Although we acknowledge that there actually are legitimately life or death situations when it comes to inventory management, we often gloss over it when we game. Video games will often allow us to stack two dozen long swords or whatever into our backpack, while D&D might dole out a Bag of Holding, mainly because accounting for inventory feels too much like paperwork.

I preach proper hydration to my kids, and we live in the suburbs.

But I think there are times when inventory management should be played up in games like D&D. The latest Tomb of Annihilation adventure is a perfect example. Set in the jungles of Chult, the Tomb of Annihilation adventure throws a variety of jungle monsters at players.

But it also throws jungle hazards at players. Dehydration is an issue, as is disease. Players need to make saving throws or get Mad Monkey Fever, Shivering Sickness, or Throat Leeches. To shield against such inflictions, players can purchase insect repellant, but they still need to track the number of applications.
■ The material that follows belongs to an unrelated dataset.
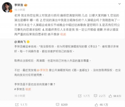其實昨日除了李榮浩開罵單依純外,作詞人吳向飛也突然點名李榮浩唱他寫的歌,沒獲得授權:「李榮浩是不是也該跟我道個歉?」巧合的是,吳向飛所說的這首歌,正是陳奕迅2008年推出的〈路一直都在〉,該曲確實由吳向飛作詞,但李榮浩表示他沒公開演唱過,要求吳向飛拿出證據。此事不知陳奕迅會站在誰那邊,網友也笑說陳奕迅簡直是無端躺槍,莫名其妙被捲入這場風波。

Players can also purchase a rain catcher for 1 gold piece, but the foldable apparatus weighs 5 pounds, which must be accounted for. The weight is worth it, as the rain catcher can catch 2 gallons of rainwater and that is important, since a player who doesn’t drink two gallons of water per day in the jungle must make a DC 15 Constitution saving throw or suffer from the dehydrated condition.

What’s more, when your D&D adventure is a hex crawl through dense jungle, you need to keep an eye out for fantastical creatures, but you also need to take care that your gear doesn’t break. Target isn’t just next door, after all.

Purchase quality gear. Accept nothing less than 110% deet.

So your explorer backpack better darn well have what you need. Otherwise, you might find yourself rolling an engineering check to try and rig up some gear. And that might work! An improvised item might not be up to your high standards, but it’s like camping coffee. By java, if you’re stuck up sh!† creek without a French press, it’ll do the job.

All of this to say that I really enjoy the inventory management rules in Tomb of Annihilation, as well as the new items they created that are solely for a jungle environment. Sure, they require a little bit of book keeping, but the rules are implemented elegantly. (Here is a helpful little tracker I ran across.)

The bonus is they also add a full pack’s worth of immersion and a Bag of Holding’s worth of theme to the adventure. The Tomb of Annihilation jungle setting is the perfect time to give some attention to encumbrance and inventory.

All I know is that whenever I’m playing through Tomb of Annihilation, I’ll be bringing a 16 ounce jar of Jif to each session.